When the key word is texted to VW’s short code, the response is equally well worded and offers a link to the video, as well as the option to opt-in for additional messaging. “The all-new Touareg Hybrid is a Rare Beast. See its origin, anatomy & habitat: Reply Y to stay in the loop. Msg & data rates may apply.”

VW is making the most of SMS knowing this allows the greatest potential audience to interact via their mobile device. Even though the received SMS message links to a mobile web site (on the right) (which limits the potential audience to those with a suitable device and broadband connection), I like the additional option to continue the engagement through SMS alone. All too often SMS is abandoned too early by brands in their haste to transfer users to a mobile web page or device app.

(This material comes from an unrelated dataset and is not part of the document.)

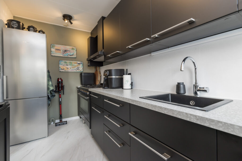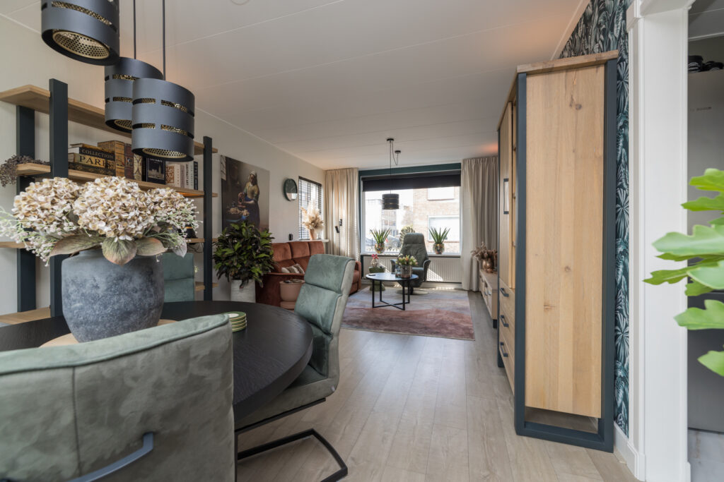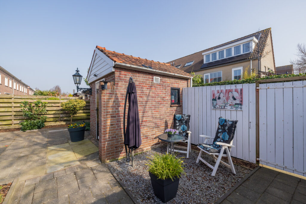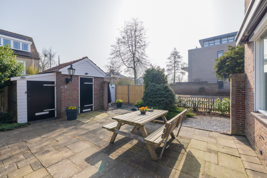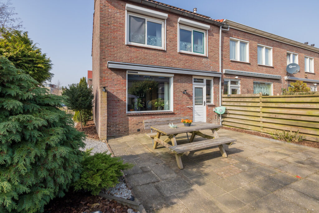 Via de entree kom je in de lichte woonkamer. De ruimtes zijn logisch ingedeeld en makkelijk te gebruiken naar eigen woonwensen. De semi-open keuken ligt aan de achterzijde en is voorzien van inbouwapparatuur. Dankzij de goede lichtinval en nette afwerking voelt de begane grond direct prettig aan. De achtertuin is een van de pluspunten van de woning. Door het bijgekochte extra stuk grond is de tuin aanzienlijk groter dan gemiddeld, perfect voor wie houdt van buitenruimte, speelgelegenheid of meerdere zitplekken. De tuin ligt op het zuidoosten, is goed onderhouden en beschikt over een achterom en een vrijstaande houten berging met elektra.
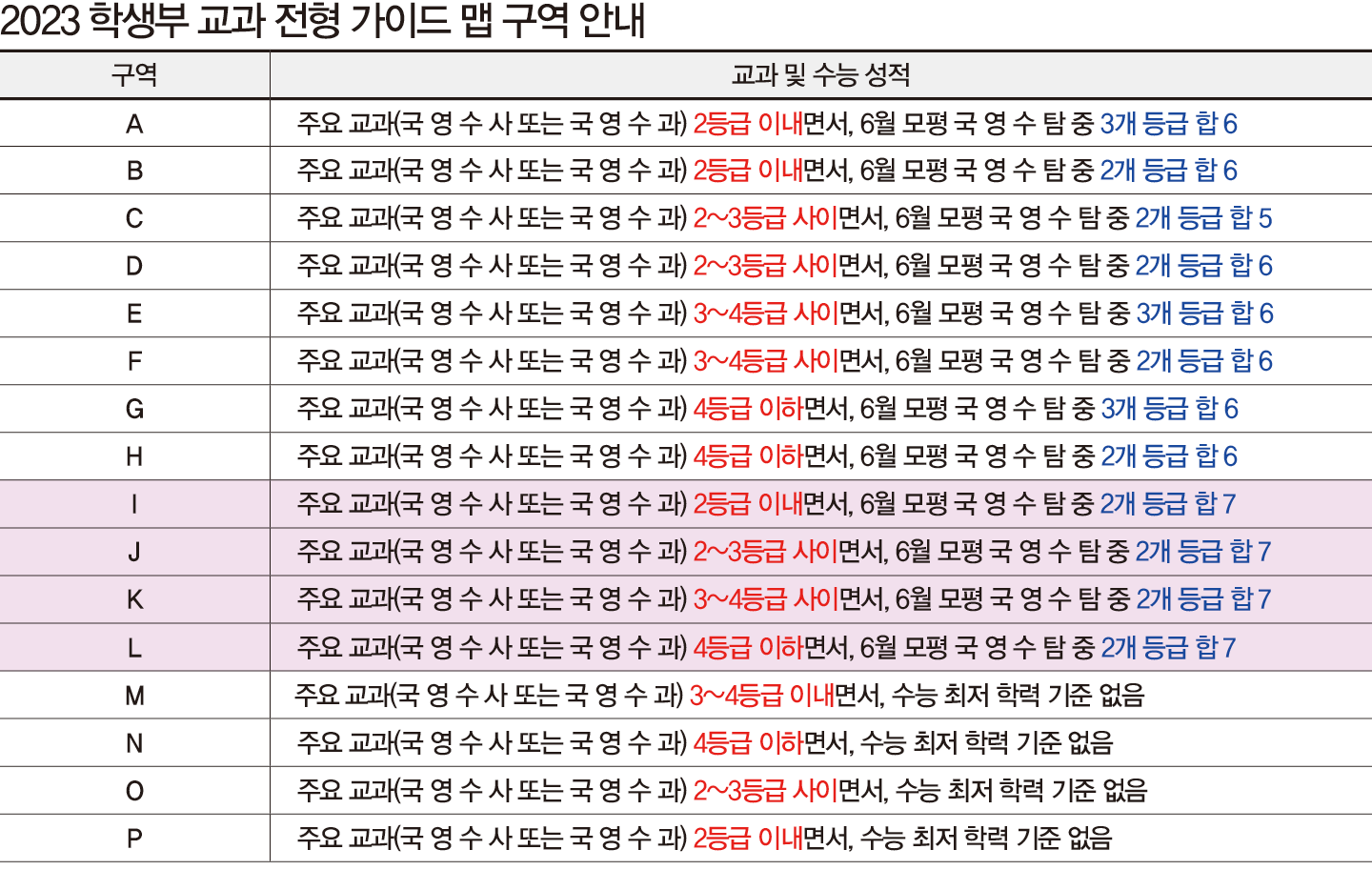 | 2023 학생부 교과 전형 가이드 맵 구역 안내 [M~P 구역] (0) | 2022.08.16 |

Here’s the downfall: there is no harmony between the print ad, the SMS messaging, and the mobile site. The CTA in the print ad talks about how to “unlock the video.” The SMS response refers to a “Rare Beast with an origin, anatomy, and habitat.” These are safari-like themes that are non-existent in the print ad. And the worst element of the execution is the mobile web site linked from the SMS contains neither a video nor any reference to a Beast whatsoever. It is a very mild, very information-filled, and very mobile-optimized page for the Touareg within VW’s mobile site. I would have been happy to find this mobile web page in any other circumstance. But since I was promised a video, and then promised something exotic and safari-themed, the resulting web experience was far different than what I was expecting, and therefore disappointing. While each of these tactics – print, SMS and mobile web – is itself very well executed each seems to be part of separate campaigns that were hastily or wrongly threaded together.

Part 2: Kohler
Kohler Using QR codes

Flip 7 pages forward to find Kohler’s full-page ad for their Flipside line of shower heads. Kohler uses a straightforward QR code – one-color, black, no customizations – at the bottom of the ad.
Thankfully it is large enough to scan well. The QR code links the users’ smartphone to a mobile-optimized page dedicated to the Flipside product line. So at a basic level, the execution of this campaign is very sound.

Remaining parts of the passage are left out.